● DATA EXTRACT:
==========

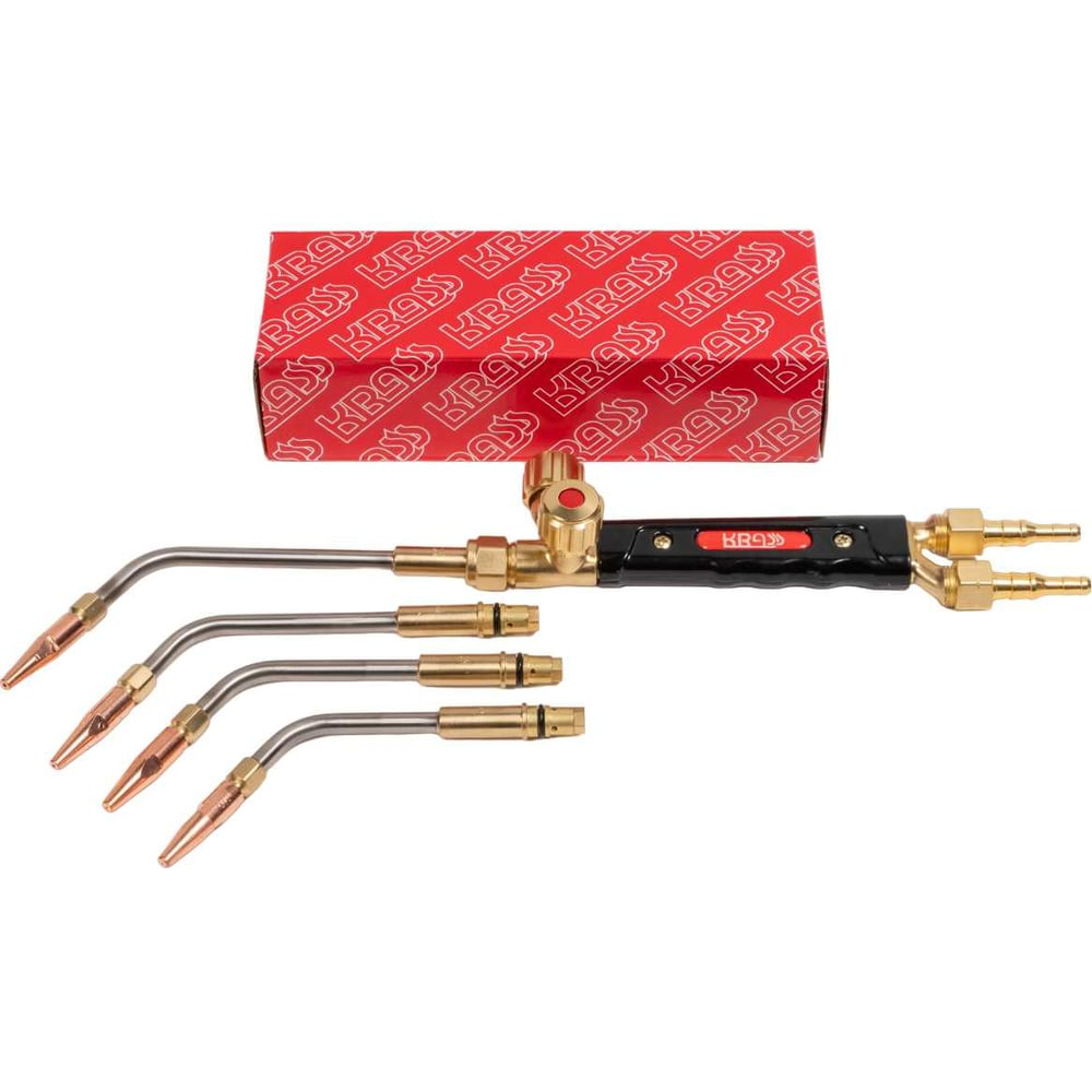 Ацетиленовая горелка KRASS Г2С-М тип МАЛЮТКА 2117532 газопламенная предназначена для ручных процессов газокислородной сварки, пайки, нагрева и других видов газопламенной обработки металлов. Основные параметры горелок соответствуют требованиям ГОСТ 1077-79.Металлическая ручка удобно лежит в руке.Регулирование мощности пламени производится вентилями.Толщина свариваемого металла 0 - 9 мм.
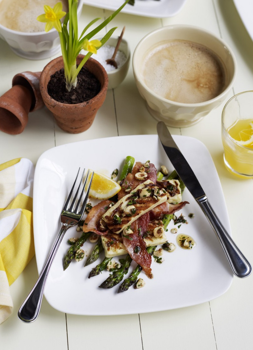 To serve: Arrange the asparagus on plates and top with the bacon and haloumi. Spoon over the warm dressing and serve immediately.
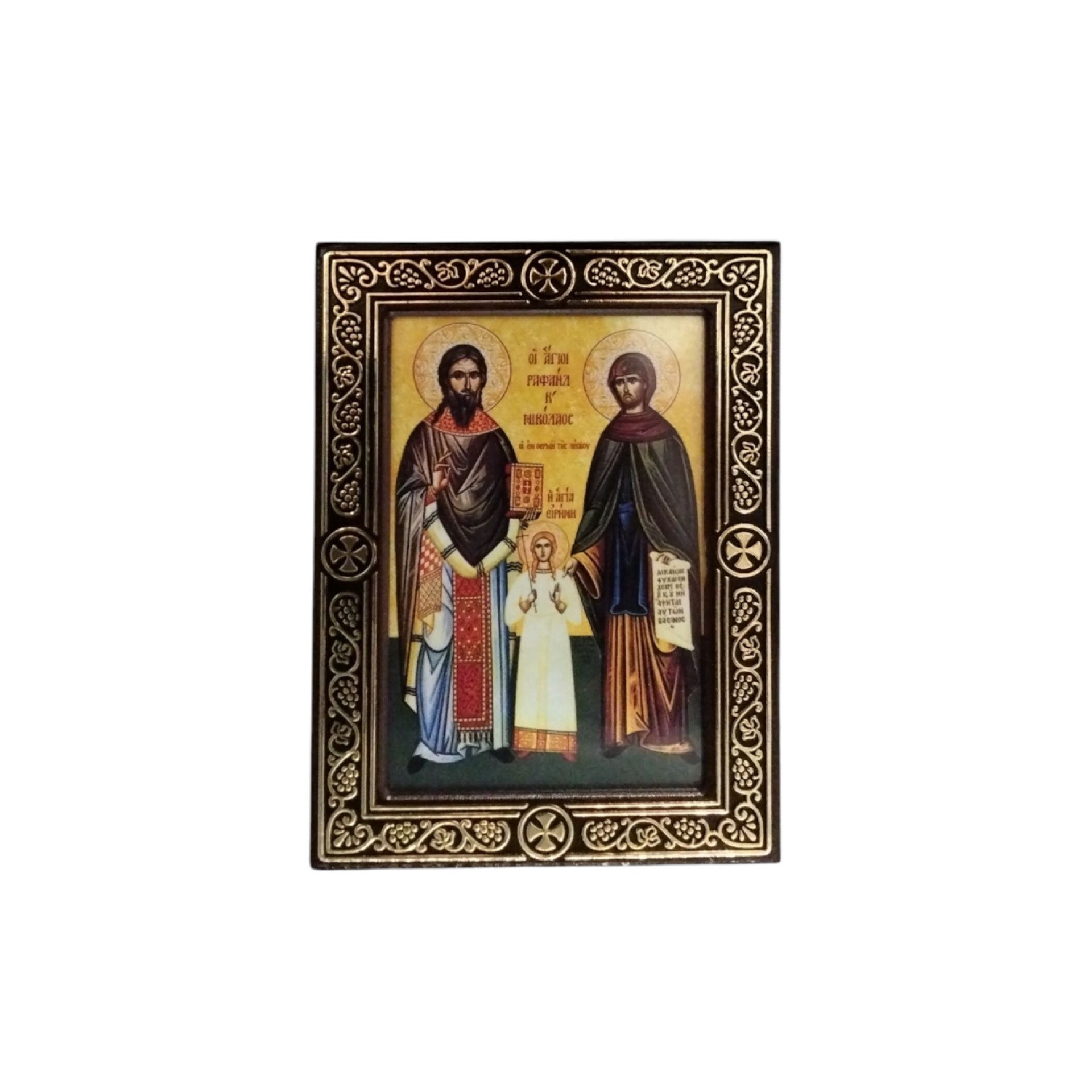 Κομψή εικόνα των Αγίων Ραφαήλ και Νικολάου, με λεπτομερή αγιογραφική απόδοση και διακοσμητικό πλαίσιο με χρυσοποίκιλτα σχέδια. Στο πίσω μέρος διαθέτει ενσωματωμένη βάση στήριξης για εύκολη τοποθέτηση σε γραφείο, ράφι, κομοδίνο ή εικονοστάσι. Χαρακτηριστικά: Διαστάσεις: 8 × 12 cm Διαθέτει βάση στήριξης Διακοσμητικό πλαίσιο με χρυσές λεπτομέρειες Εκτύπωση υψηλής ποιότητας Ιδανικό για δώρο ή καθημερινή πνευματική ενίσχυση
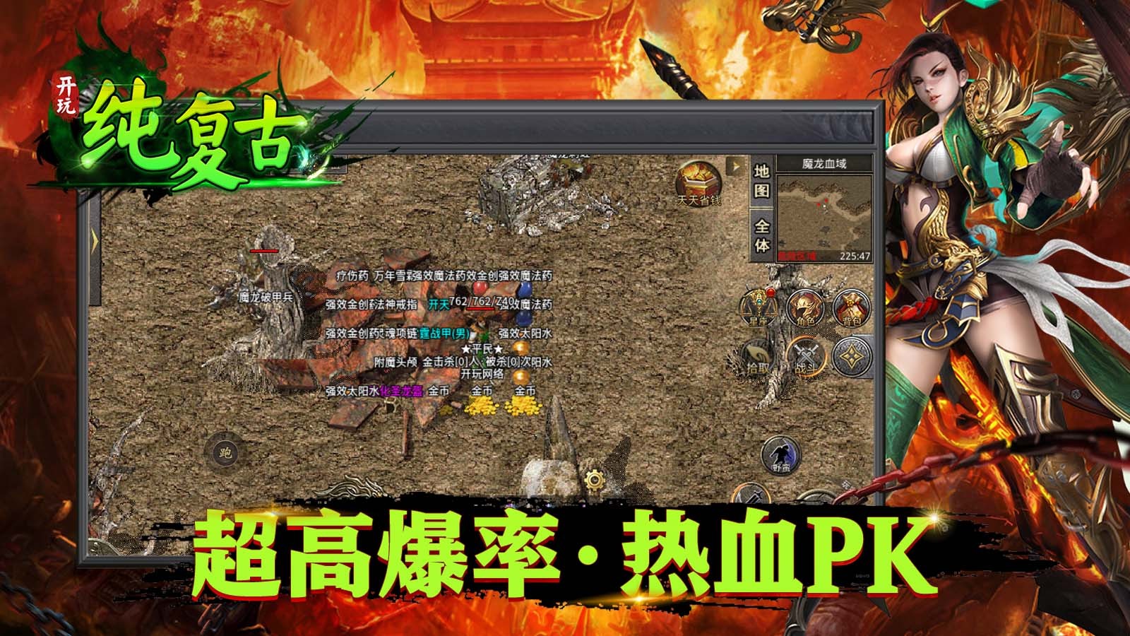 开玩纯复古为玩家带来精彩爽快的传奇玩法,在游戏中玩家将要进入复古的世界中,所有的野怪即时刷新,尽情地享受刀刀暴击的爽快体验,组队加入到世界boss的挑战之中,瓜分强力的神装道具,助你到达战斗力巅峰,一刀畅玩传奇,再创你的辉煌岁月。

==========

● PROBLEM DESCRIPTION: Could you set down word for word each line from the one holding "To serve: Arrange" through the end of the material above, without any pictures?

● WRITTEN ANSWER:
 To serve: Arrange the asparagus on plates and top with the bacon and haloumi. Spoon over the warm dressing and serve immediately.
 Κομψή εικόνα των Αγίων Ραφαήλ και Νικολάου, με λεπτομερή αγιογραφική απόδοση και διακοσμητικό πλαίσιο με χρυσοποίκιλτα σχέδια. Στο πίσω μέρος διαθέτει ενσωματωμένη βάση στήριξης για εύκολη τοποθέτηση σε γραφείο, ράφι, κομοδίνο ή εικονοστάσι. Χαρακτηριστικά: Διαστάσεις: 8 × 12 cm Διαθέτει βάση στήριξης Διακοσμητικό πλαίσιο με χρυσές λεπτομέρειες Εκτύπωση υψηλής ποιότητας Ιδανικό για δώρο ή καθημερινή πνευματική ενίσχυση
 开玩纯复古为玩家带来精彩爽快的传奇玩法,在游戏中玩家将要进入复古的世界中,所有的野怪即时刷新,尽情地享受刀刀暴击的爽快体验,组队加入到世界boss的挑战之中,瓜分强力的神装道具,助你到达战斗力巅峰,一刀畅玩传奇,再创你的辉煌岁月。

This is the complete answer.